Rhus wanted to power through the water. He wanted to skim the ice sheets at the moon’s surface while on his back, watching the small bubbles trapped beneath the frozen water wobble as he sliced under them. He wanted to dive down to the depths and slalom the ridge again.
He wanted to swim.
He radiated a happy blue and purple as he followed Salvia back to the station, wondering if she understood how lucky she was. All this time, she was living in the most perfect environment imaginable while he was trawling the vacuum between planets. As much as the trip on the spaceship had impressed and fascinated him, the feel of free-moving water against his skin told him he was finally home. He just hoped nobody would try to take it away from him.
The woman Salvia referred to as Dr. Faisbain was waiting for them at Hatch Number Five. She looked older than a lot of the people who had accompanied him in the spaceship, but she also looked kinder. Certainly, she was a lot more relaxed than the courteous yet stiff captain of the Nemo, Haber. The ship crew were often very serious and intense, even when supposedly relaxing, and they didn’t smile as often as Dr. Faisbain. Rhus thought she must be a very important person to be given such a position at the Europa station.
“I brought him back in one piece,” Salvia was saying to her.
Salvia’s voice was higher than his.

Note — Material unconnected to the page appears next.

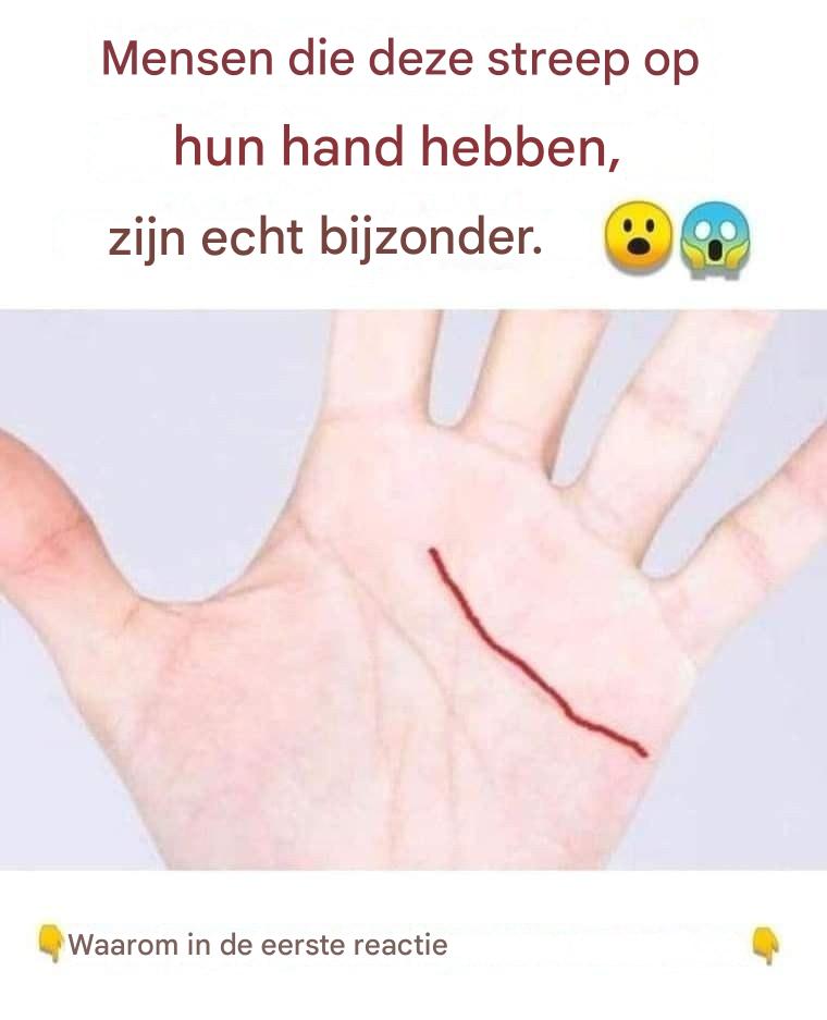 Neem even de tijd om deze lijn op je hand te bekijken: Is je haar lang, steil en goed gedefinieerd? Een prachtig en lang liefdesverhaal wacht op je (of is al gaande).

In the background, through the porthole’s window, he heard the faint vibration of her voice as it was piped into the launch bay, artificially deepened and processed so normals could understand it. He remembered that they did the same to him on the Nemo.
“That’s good,” Faisbain said with a smile, “but, if you don’t mind, Salvia, we’d like to keep Rhus overnight at the lab for observation.”
“Observation?” Salvia’s feet glowed red with dismay but Rhus noticed that she made sure to keep those extremities below the level of the porthole. He didn’t know how Salvia was able to keep her emotions so controlled like that. He couldn’t do it. He would have to ask her to teach him.
“Now that he’s had some exercise on Europa and a chance to breathe its water, we’ll need to do a full health check-up. He’s been in a very limited environment up till now and we want to make sure his body can cope with conditions on the moon.”
“But didn’t you make him so he could cope?”
Rhus was surprised at Salvia’s question. Only a little while ago, he was convinced she didn’t care if he stayed or left. Now, she appeared to be arguing on his behalf.
“We did,”Faisbain nodded, “but sometimes things go wrong. Things we might not be aware of until we’ve done a full examination. Don’t worry, I’m sure he’ll be fine. Once we’ve checked his health, we’ll insert the tracking beacon then we’ll release him to begin work tomorrow.”
Salvia’s feet pulsed a quick flash of vivid scarlet—anger—before being cloaked in the simmering darker red again.
“You have some work for us to do?” she asked.
“We kept our side of the bargain, remember?”
What were they talking about? Rhus wanted to interrupt and ask but there was such an air of intensity between the two women that he didn’t dare. Besides, he was starting to feel very tired. Maybe a bit of a rest was exactly what he needed.
It was Faisbain who broke the tension by moving away from the porthole and stretching her shoulders. Watching intently, Rhus repeated the action in the cool, dark water.
“Tomorrow, Salvia.” This time, the scientist’s voice brooked no objections.
The metal hatch next to the porthole slid open. Rhus swam over to it and looked up into the tube of water.
“We’ll complete our tests as quickly as possible.” Faisbain’s voice again. “I promise.”
With a last look at Salvia, who gave him a reluctant nod, Rhus swam up into the tube and tried not to notice the lid screwing shut beneath his feet.